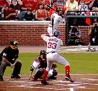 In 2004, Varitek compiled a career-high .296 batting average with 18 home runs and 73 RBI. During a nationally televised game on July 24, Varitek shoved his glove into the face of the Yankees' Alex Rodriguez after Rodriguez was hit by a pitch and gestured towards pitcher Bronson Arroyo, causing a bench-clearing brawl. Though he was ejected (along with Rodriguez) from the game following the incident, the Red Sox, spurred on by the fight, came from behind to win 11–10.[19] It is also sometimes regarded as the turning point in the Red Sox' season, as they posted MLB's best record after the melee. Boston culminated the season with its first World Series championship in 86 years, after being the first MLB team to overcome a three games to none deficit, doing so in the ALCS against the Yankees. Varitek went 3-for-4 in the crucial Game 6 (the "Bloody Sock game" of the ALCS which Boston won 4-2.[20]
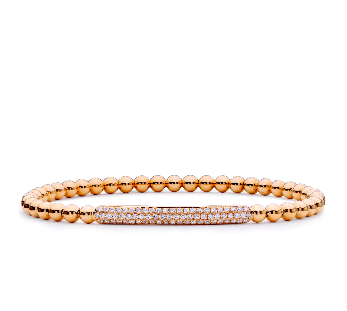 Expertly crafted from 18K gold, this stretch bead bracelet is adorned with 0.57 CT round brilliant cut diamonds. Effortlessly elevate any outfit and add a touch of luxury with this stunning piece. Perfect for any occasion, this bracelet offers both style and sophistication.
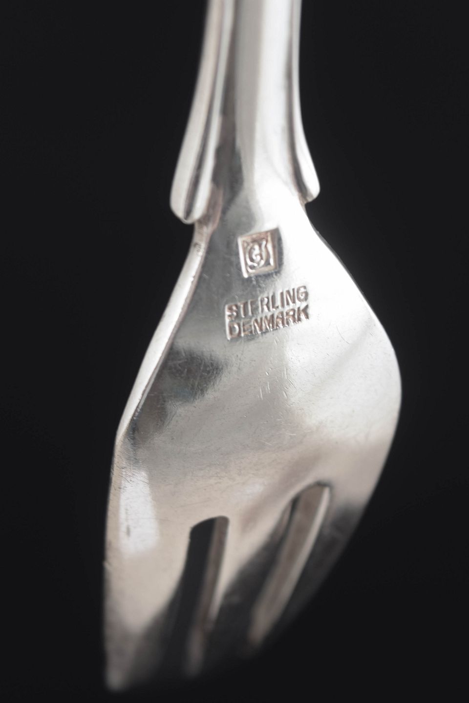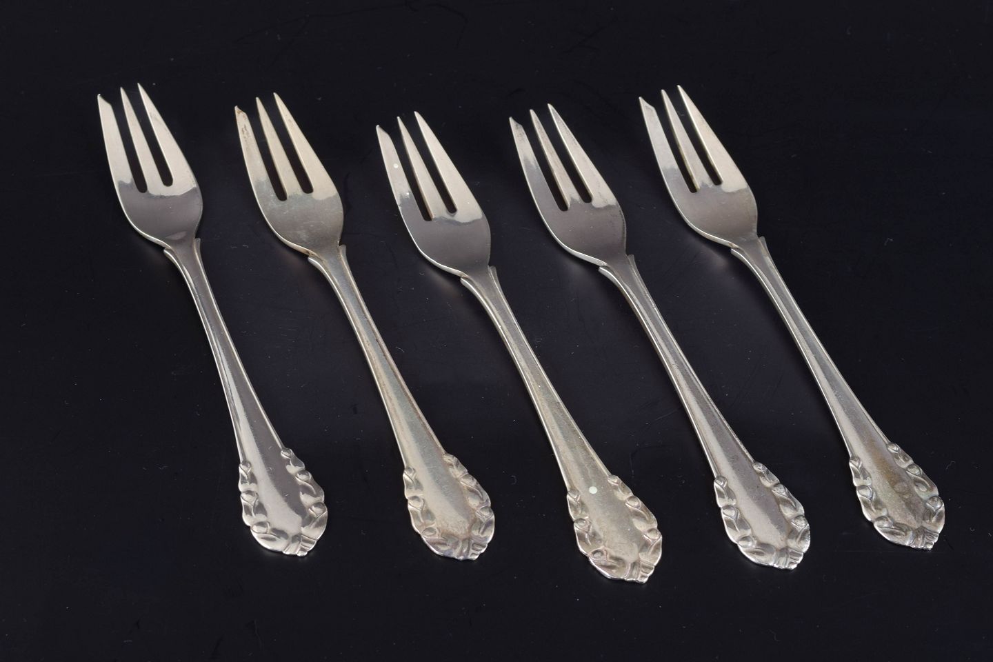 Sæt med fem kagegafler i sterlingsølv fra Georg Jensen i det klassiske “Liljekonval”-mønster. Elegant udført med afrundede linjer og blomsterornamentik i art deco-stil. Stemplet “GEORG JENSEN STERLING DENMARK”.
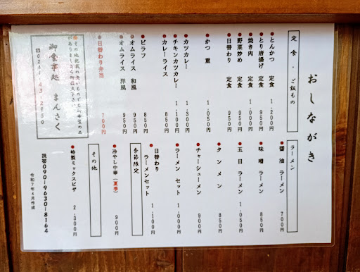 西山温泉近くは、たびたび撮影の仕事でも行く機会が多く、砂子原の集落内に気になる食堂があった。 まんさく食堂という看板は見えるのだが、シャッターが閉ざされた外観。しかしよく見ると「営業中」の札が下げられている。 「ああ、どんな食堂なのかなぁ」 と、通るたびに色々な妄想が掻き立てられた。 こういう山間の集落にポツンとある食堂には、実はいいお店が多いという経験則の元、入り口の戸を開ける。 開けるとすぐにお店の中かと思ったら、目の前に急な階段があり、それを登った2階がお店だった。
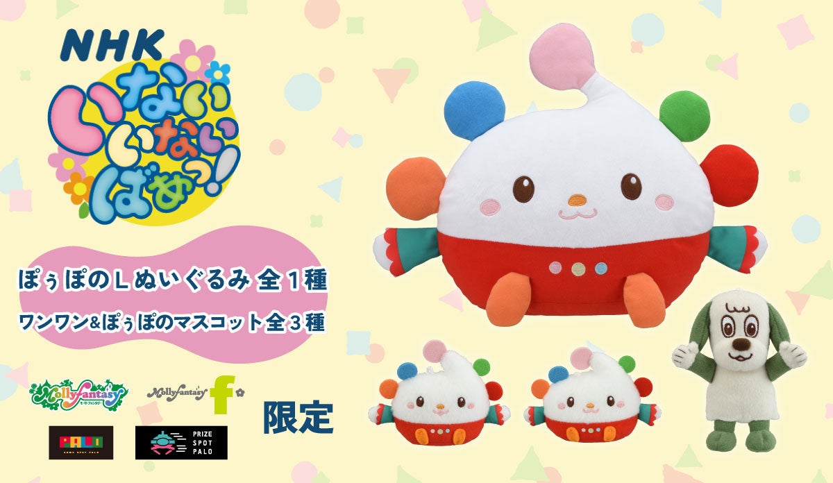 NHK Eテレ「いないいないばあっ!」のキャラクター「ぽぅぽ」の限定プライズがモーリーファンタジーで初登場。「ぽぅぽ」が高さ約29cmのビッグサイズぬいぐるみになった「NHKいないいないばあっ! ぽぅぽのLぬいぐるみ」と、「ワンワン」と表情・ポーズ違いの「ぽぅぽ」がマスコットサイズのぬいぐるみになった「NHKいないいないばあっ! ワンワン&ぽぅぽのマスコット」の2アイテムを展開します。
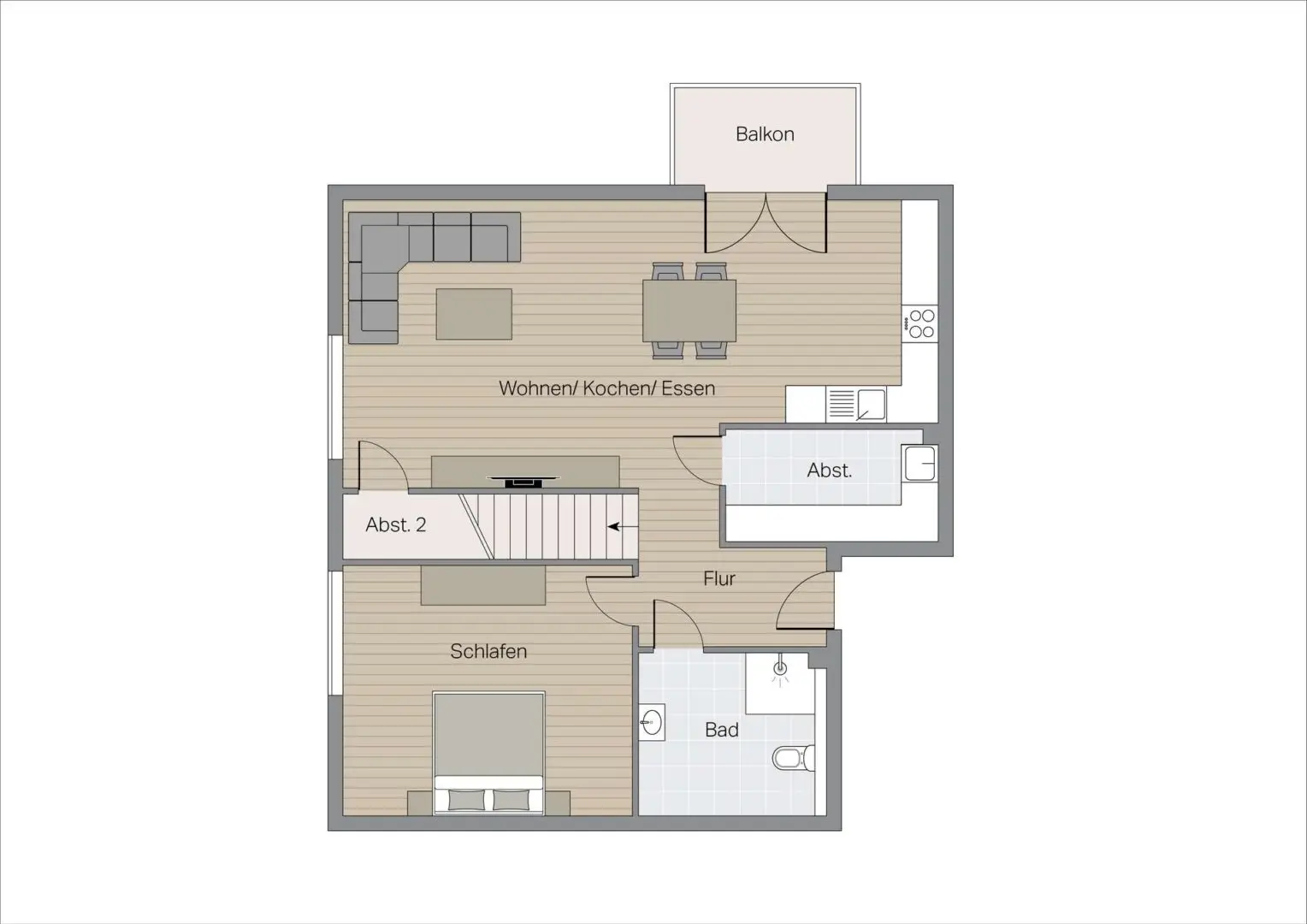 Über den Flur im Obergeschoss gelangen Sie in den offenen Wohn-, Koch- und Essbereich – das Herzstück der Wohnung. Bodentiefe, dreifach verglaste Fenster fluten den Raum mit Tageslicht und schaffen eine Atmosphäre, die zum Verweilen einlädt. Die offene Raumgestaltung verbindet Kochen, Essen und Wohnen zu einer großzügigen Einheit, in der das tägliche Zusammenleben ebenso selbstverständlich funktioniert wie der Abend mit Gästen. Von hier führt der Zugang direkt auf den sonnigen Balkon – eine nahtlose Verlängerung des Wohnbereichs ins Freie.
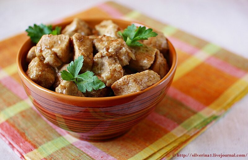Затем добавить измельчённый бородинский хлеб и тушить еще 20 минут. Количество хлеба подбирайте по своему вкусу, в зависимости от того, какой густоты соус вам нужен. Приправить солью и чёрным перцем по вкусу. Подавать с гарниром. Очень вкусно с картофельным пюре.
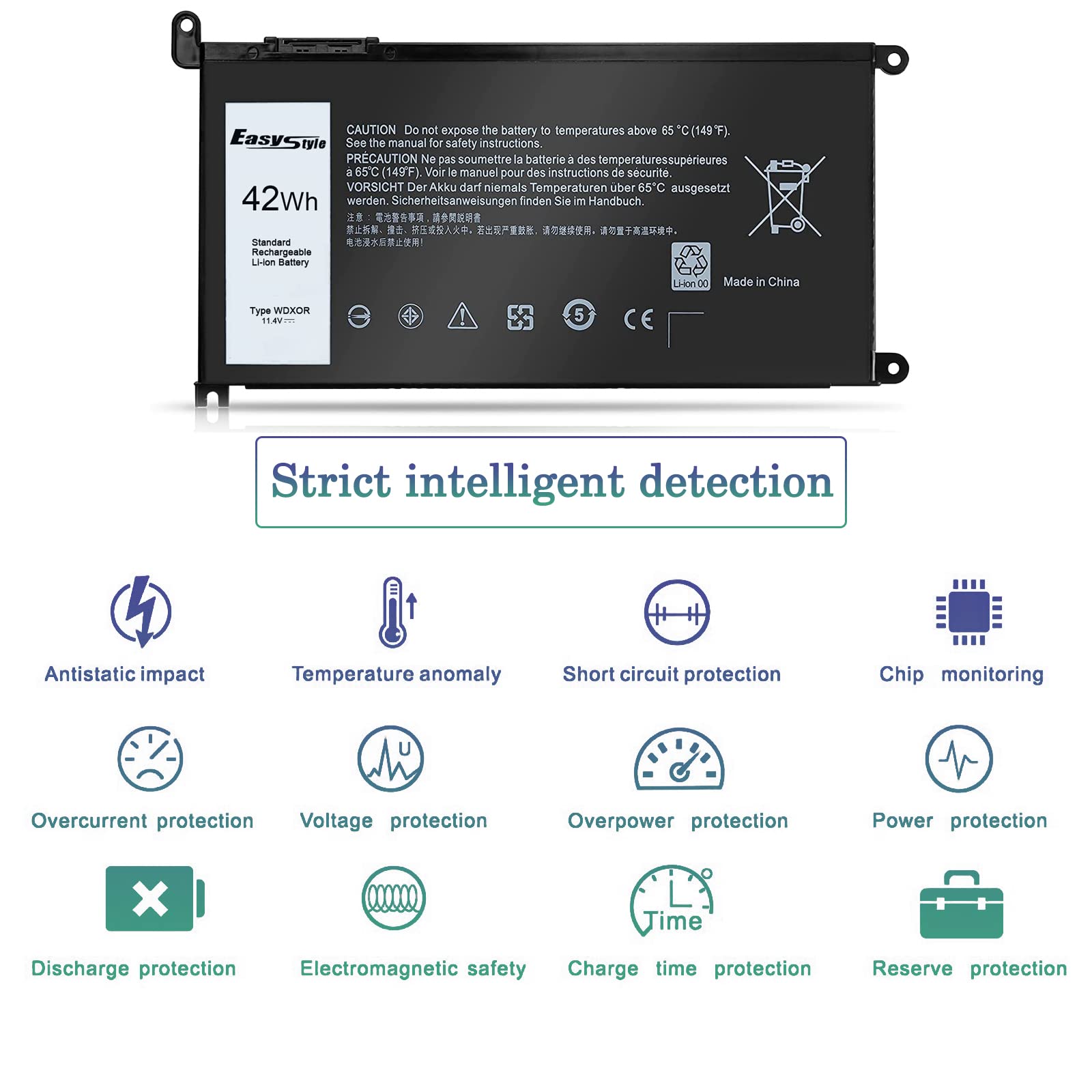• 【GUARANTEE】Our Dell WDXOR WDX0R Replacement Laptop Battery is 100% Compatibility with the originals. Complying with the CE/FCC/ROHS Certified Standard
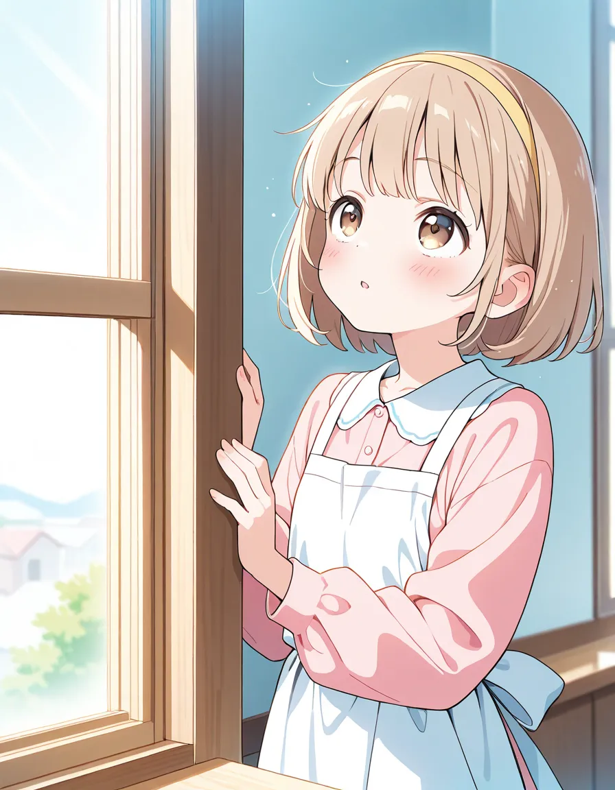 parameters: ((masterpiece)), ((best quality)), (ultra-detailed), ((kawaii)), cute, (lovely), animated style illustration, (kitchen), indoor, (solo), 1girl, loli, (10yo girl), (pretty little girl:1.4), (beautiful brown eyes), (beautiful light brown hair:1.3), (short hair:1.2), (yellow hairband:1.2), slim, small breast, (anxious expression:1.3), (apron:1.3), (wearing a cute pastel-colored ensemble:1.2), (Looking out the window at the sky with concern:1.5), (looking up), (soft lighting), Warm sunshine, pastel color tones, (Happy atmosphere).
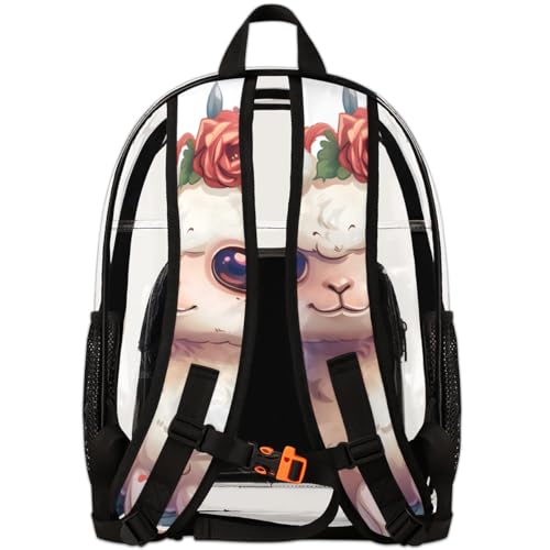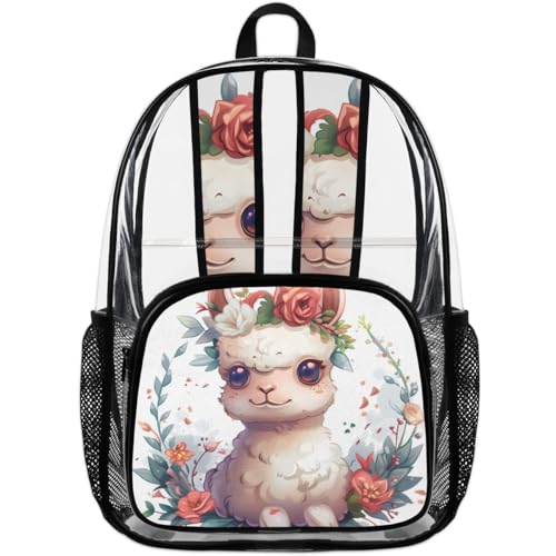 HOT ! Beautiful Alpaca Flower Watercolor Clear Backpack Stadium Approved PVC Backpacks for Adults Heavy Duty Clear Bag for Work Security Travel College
···
Transcribe exactly the span of lines that opens with the line holding "parameters: ((masterpiece)), ((best" and closes with the last line of the entries above. Omit pictures.

 parameters: ((masterpiece)), ((best quality)), (ultra-detailed), ((kawaii)), cute, (lovely), animated style illustration, (kitchen), indoor, (solo), 1girl, loli, (10yo girl), (pretty little girl:1.4), (beautiful brown eyes), (beautiful light brown hair:1.3), (short hair:1.2), (yellow hairband:1.2), slim, small breast, (anxious expression:1.3), (apron:1.3), (wearing a cute pastel-colored ensemble:1.2), (Looking out the window at the sky with concern:1.5), (looking up), (soft lighting), Warm sunshine, pastel color tones, (Happy atmosphere).
 HOT ! Beautiful Alpaca Flower Watercolor Clear Backpack Stadium Approved PVC Backpacks for Adults Heavy Duty Clear Bag for Work Security Travel College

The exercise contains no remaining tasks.